Já Cotrim Figueiredo defendeu que o fundamental é que os candidatos “sejam independentes relativamente aos detentores do poder executivo”.

Depois, Cotrim acusou Seguro ser “vago em relação às suas propostas”, considerando o pacto para a saúde já apresentado por Seguro não oferece nada de concreto.

Numa altura em que abordavam aquele que consideram dever ser o comportamento institucional do presidente da República, Seguro afirmou que não pretende ser “um primeiro-ministro sombra em Belém”, aproveitando para salientar que, ao contrário do seu adversário, tem “experiência governativa”.

Depois de concordarem que são necessárias medidas para aumentar a natalidade em Portugal, os dois candidatos divergiram sobre um programa de incentivos fiscais para empresas que se queiram adquirir ou fusionar – plano defendido por Seguro e que Cotrim disse já existir –, antes de terminarem em sintonia na crítica à Estratégia de Segurança Nacional de Donald Trump.

Última sondagem de opinião

Dias antes do debate na RTP entre os dois candidatos, a última sondagem de opinião, feita pelo CESOP – Universidade Católica Portuguesa para a RTP, Antena 1 e Público conhecida esta segunda-feira, coloca os candidatos presidenciais André Ventura, Luís Marques Mendes e Henrique Gouveia e Melo em empate técnico.

André Ventura surge no topo, com 22%, seguido de Luís Marques Mendes (20%) e Henrique Gouveia e Melo (18%), ficando os três “em situação de empate técnico”, tendo em conta as margens de erro.

Já António José Seguro e Cotrim de Figueiredo aparecem posicionados em quarto (16%) e quinto lugar (14%) com uma diferença pequena entre ambos.

André Ventura reúne a maior percentagem nas intenções diretas de voto dos inquiridos nesta sondagem.

No entanto, em cenários de segunda volta, o líder do Chega perde tanto contra Luís Marques Mendes, como contra Henrique Gouveia e Melo ou António José Seguro.

De acordo com a sondagem, “se as eleições tivessem sido realizadas no momento das entrevistas, quatro candidatos poderiam passar à segunda volta: Ventura, Mendes, Melo e Seguro”.

“Mas também Cotrim se aproxima muito desta possibilidade, pois o limite mínimo de Mendes está apenas um ponto percentual acima do limite máximo de Cotrim. Diferença muito curta para dois candidatos que disputam eleitorado da mesma área política”, acrescenta.

Ventura perde em cenários de segunda volta

Focando-se apenas nos votantes dos três maiores partidos nas últimas eleições legislativas de 2025, a Católica concluiu que 33% (um em cada três) votantes da Aliança Democrática (AD) tencionam votar no candidato apoiado por essa coligação: Luís Marques Mendes.

Dos participantes que tencionam votar neste candidato presidencial, apenas 7% votaram no PS nas legislativas e 1% no Chega.

Já Gouveia e Melo tem apoio de fatias significativas do eleitorado dos três partidos: 20% de votantes do PS, 15% da AD e 12% do Chega.

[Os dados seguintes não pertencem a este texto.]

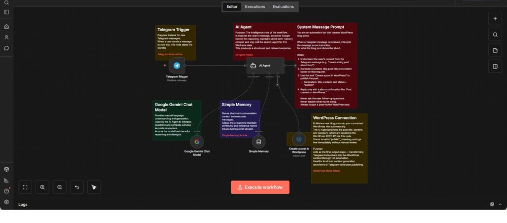 This workflow implements a Telegram-controlled publishing agent designed specifically for creating and publishing WordPress blog posts. Incoming Telegram messages trigger the workflow and are treated as publishing instructions rather than open-ended conversation.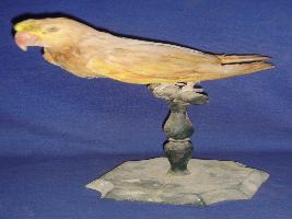 | Description / विवरण | Stuffed body of a parrot of yellow colour, installed on a straight pedestal. |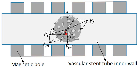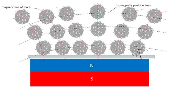 As illustrated in Figure 5, the magnetic abrasive particles within the tube align along the magnetic flux lines under magnetic field forces, forming a flexible magnetic abrasive brush. Each magnetic abrasive particle experiences dual electromagnetic components: tangential force along the magnetic flux lines and normal force perpendicular to the magnetic equipotential lines. The resultant magnetic force , calculated through the vector superposition of these components, initially manifests as a vertically downward orientation perpendicular to the target surface before machining initiation. This pre-machining configuration induces localized plastic deformation through surface indentation, as documented in previous studies [23,24].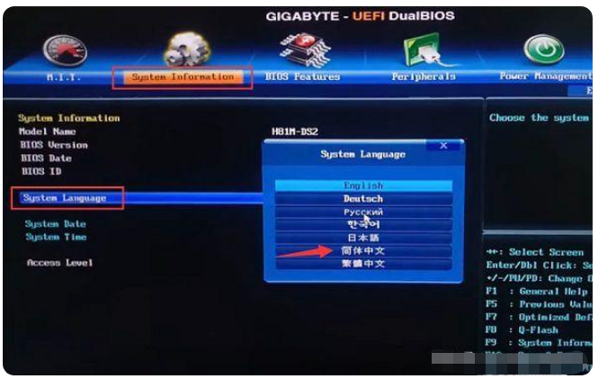 2.然后選擇“Susten Infornation”,再尋找“Systen Language”,按回車鍵,隨后選擇“簡體字中文”。
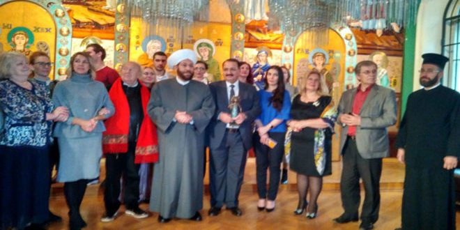 حضر الحفل سماحة المفتي العام للجمهورية الدكتور أحمد بدر الدين حسون وممثل كنيسة الروم الأرثوذكس الأب نقولا وقاص وممثلون عن منظمات “النساء الروسيات” و “بولص الرسول” و”الطفولة المتجددة” وشخصيات رسمية وشعبية من روسيا.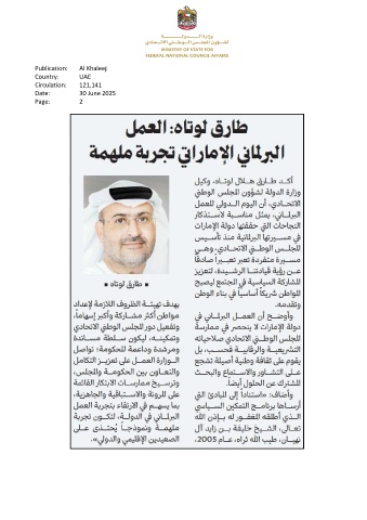 Publication: Al Khaleej Country: UAE Circulation: 121,141 Date: 30 June 2025 Page: 2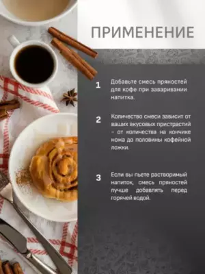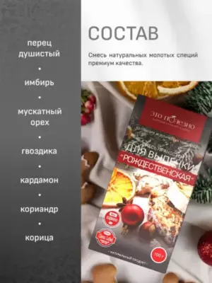 Состав Молотые специи: перец душистый, имбирь, мускатный орех, гвоздика, кардамон, кориандр, корица

Cotrim Figueiredo recolhe a intenção de voto de 17% dos votantes da AD e apenas 5% do Chega e 2% por cento do PS.

André Ventura reúne a intenção de voto de 65% (dois terços) dos votantes do Chega nas últimas legislativas. Apenas 5% dos eleitores da AD e 3% dos do PS tencionam votar neste candidato.

António José Seguro junta, por sua vez, 39% das intenções de voto de eleitores do PS, 4% de eleitores da AD e 1% do Chega.

Eleitores querem presidente honesto e que saiba ouvir

Confrontados com uma lista de características, os participantes preferiram a honestidade, a atenção aos aspetos sociais, a ponderação, o “saber ouvir” e a atenção à economia como as que mais valorizam num presidente da República.

Quanto à honestidade, os inquiridos elegeram Gouveia e Melo, Seguro e Cotrim Figueiredo como os mais honestos entre todos os candidatos a estas eleições. Com a maior capacidade de ouvir as pessoas foram escolhidos maioritariamente Luís Marques Mendes e António José Seguro.

No campo dos aspetos sociais, foram escolhidos Ventura, Marques Mendes e Seguro. Já a maior atenção à economia foi atribuída aos candidatos apoiados pela AD e pela IL.

Os candidatos que parecem mais ponderados aos entrevistados são, por sua vez, Marques Mendes, Seguro e Gouveia e Melo.

A maioria dos inquiridos refere que vai votar “de certeza”.

Apesar de não ser possível prever um valor para a abstenção a partir das respostas dos inquiridos, 82% dos participantes disseram que iriam votar “de certeza” se as eleições se realizassem agora.